WHAT THE TASK REQUIRES: Transcribe only the lines in the data below falling between the line with "Ну и под конец" and the line with "En un segundo", including those two lines, and leave out any picture.

ENTRIES PROVIDED:
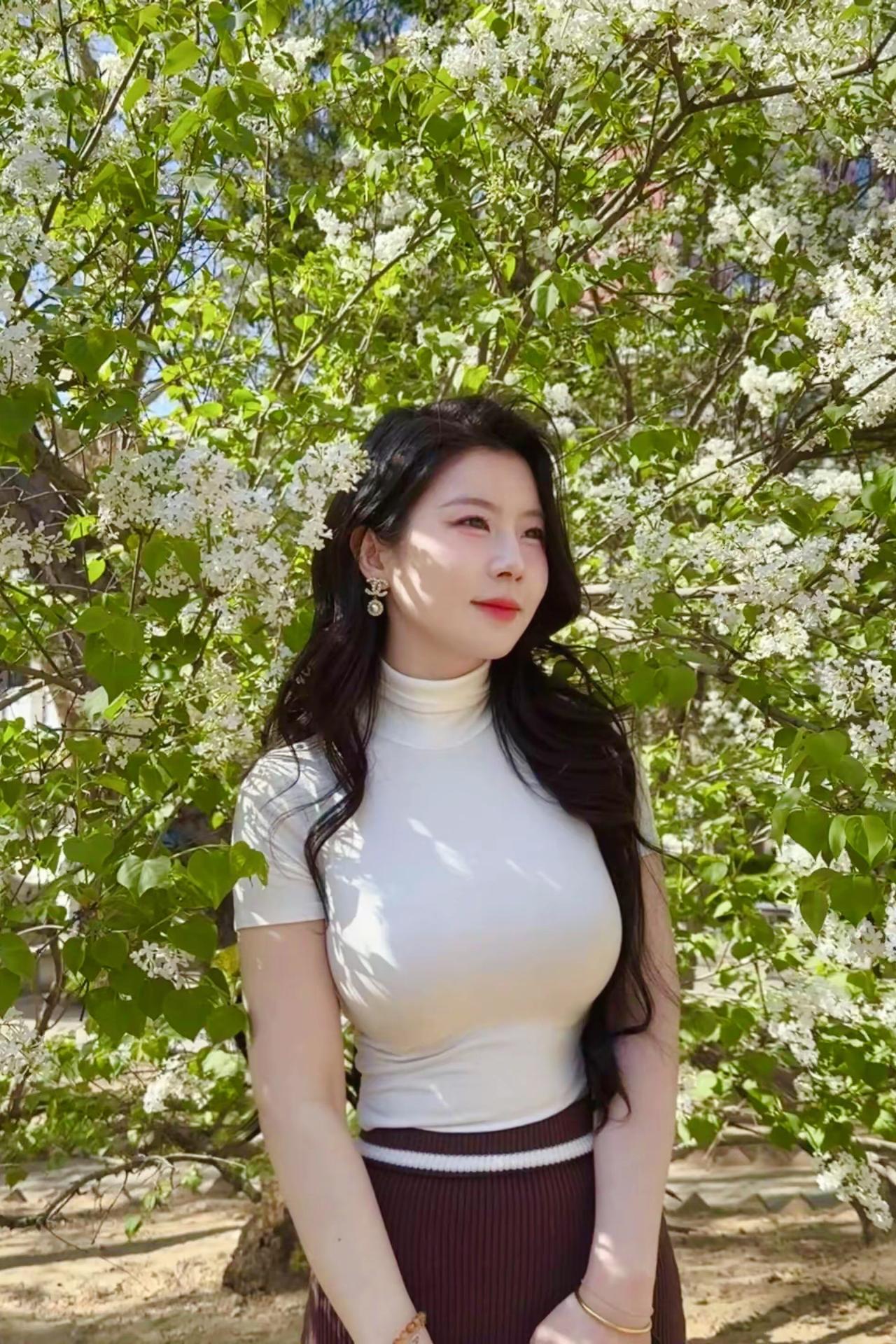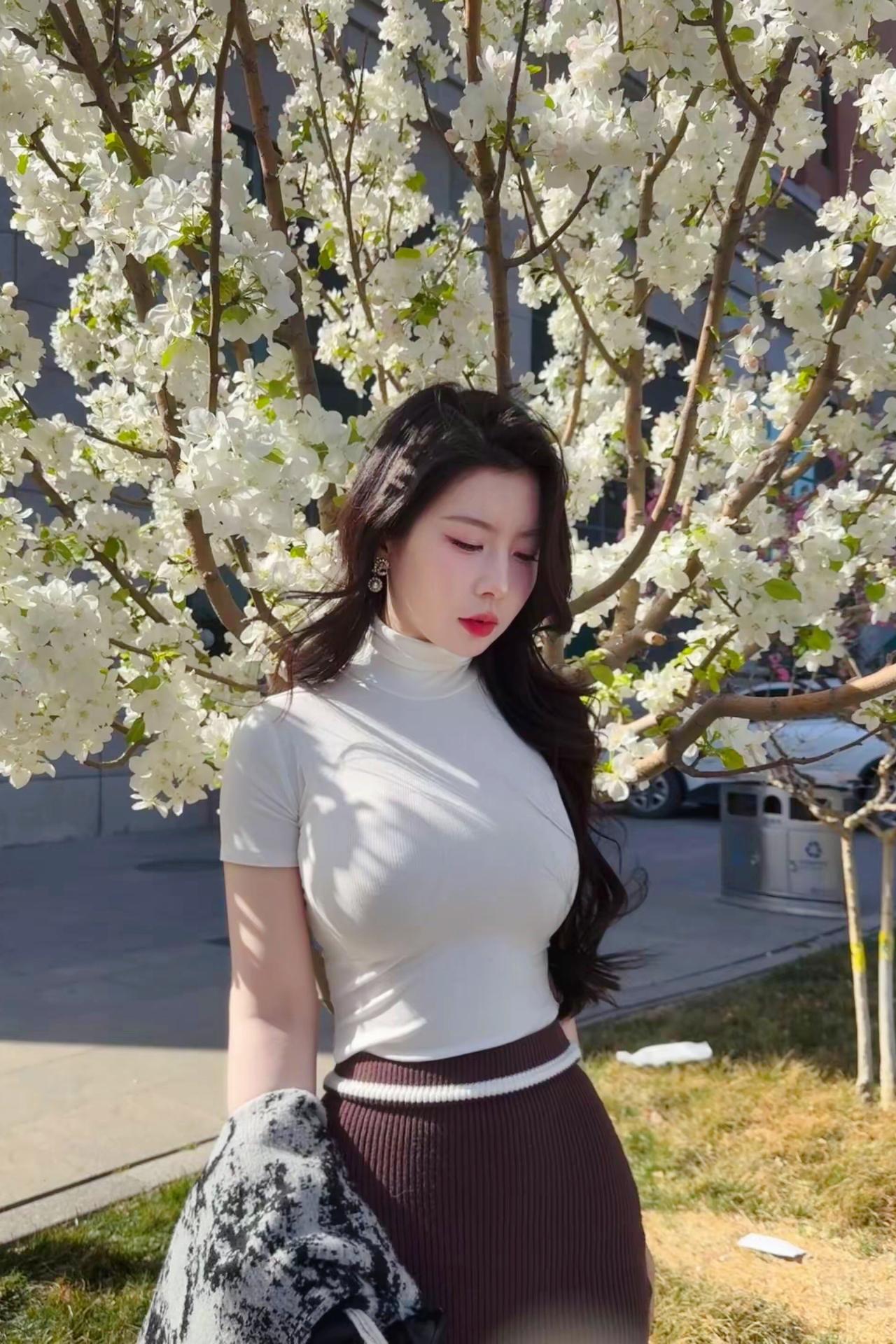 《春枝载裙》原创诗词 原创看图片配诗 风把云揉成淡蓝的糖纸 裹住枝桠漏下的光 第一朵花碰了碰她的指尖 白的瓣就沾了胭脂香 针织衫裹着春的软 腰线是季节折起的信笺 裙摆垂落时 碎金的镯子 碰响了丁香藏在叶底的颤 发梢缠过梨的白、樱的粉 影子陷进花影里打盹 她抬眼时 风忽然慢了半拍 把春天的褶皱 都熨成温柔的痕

---

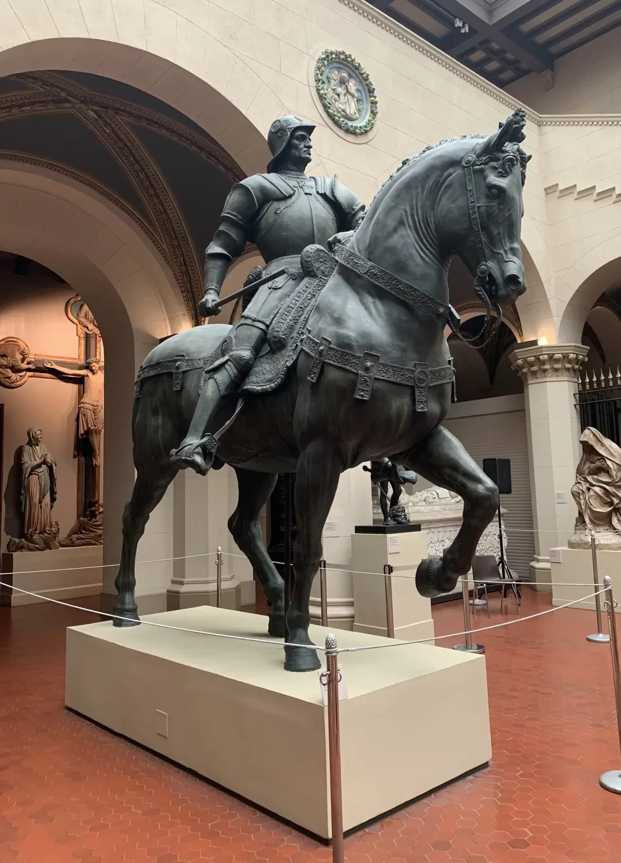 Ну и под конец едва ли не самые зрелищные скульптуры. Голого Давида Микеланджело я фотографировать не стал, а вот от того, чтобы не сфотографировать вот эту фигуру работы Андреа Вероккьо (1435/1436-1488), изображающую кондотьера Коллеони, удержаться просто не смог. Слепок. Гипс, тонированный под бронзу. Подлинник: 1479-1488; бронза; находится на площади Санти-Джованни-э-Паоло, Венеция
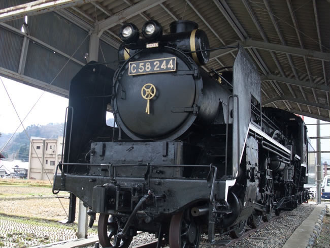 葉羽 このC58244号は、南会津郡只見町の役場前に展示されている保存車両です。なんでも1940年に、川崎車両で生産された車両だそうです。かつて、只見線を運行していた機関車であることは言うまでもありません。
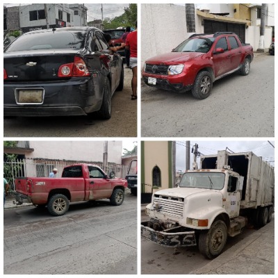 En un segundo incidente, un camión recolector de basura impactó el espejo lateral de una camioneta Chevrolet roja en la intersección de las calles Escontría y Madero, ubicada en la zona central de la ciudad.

COMPLETED EXERCISE:
 Ну и под конец едва ли не самые зрелищные скульптуры. Голого Давида Микеланджело я фотографировать не стал, а вот от того, чтобы не сфотографировать вот эту фигуру работы Андреа Вероккьо (1435/1436-1488), изображающую кондотьера Коллеони, удержаться просто не смог. Слепок. Гипс, тонированный под бронзу. Подлинник: 1479-1488; бронза; находится на площади Санти-Джованни-э-Паоло, Венеция
 葉羽 このC58244号は、南会津郡只見町の役場前に展示されている保存車両です。なんでも1940年に、川崎車両で生産された車両だそうです。かつて、只見線を運行していた機関車であることは言うまでもありません。
 En un segundo incidente, un camión recolector de basura impactó el espejo lateral de una camioneta Chevrolet roja en la intersección de las calles Escontría y Madero, ubicada en la zona central de la ciudad.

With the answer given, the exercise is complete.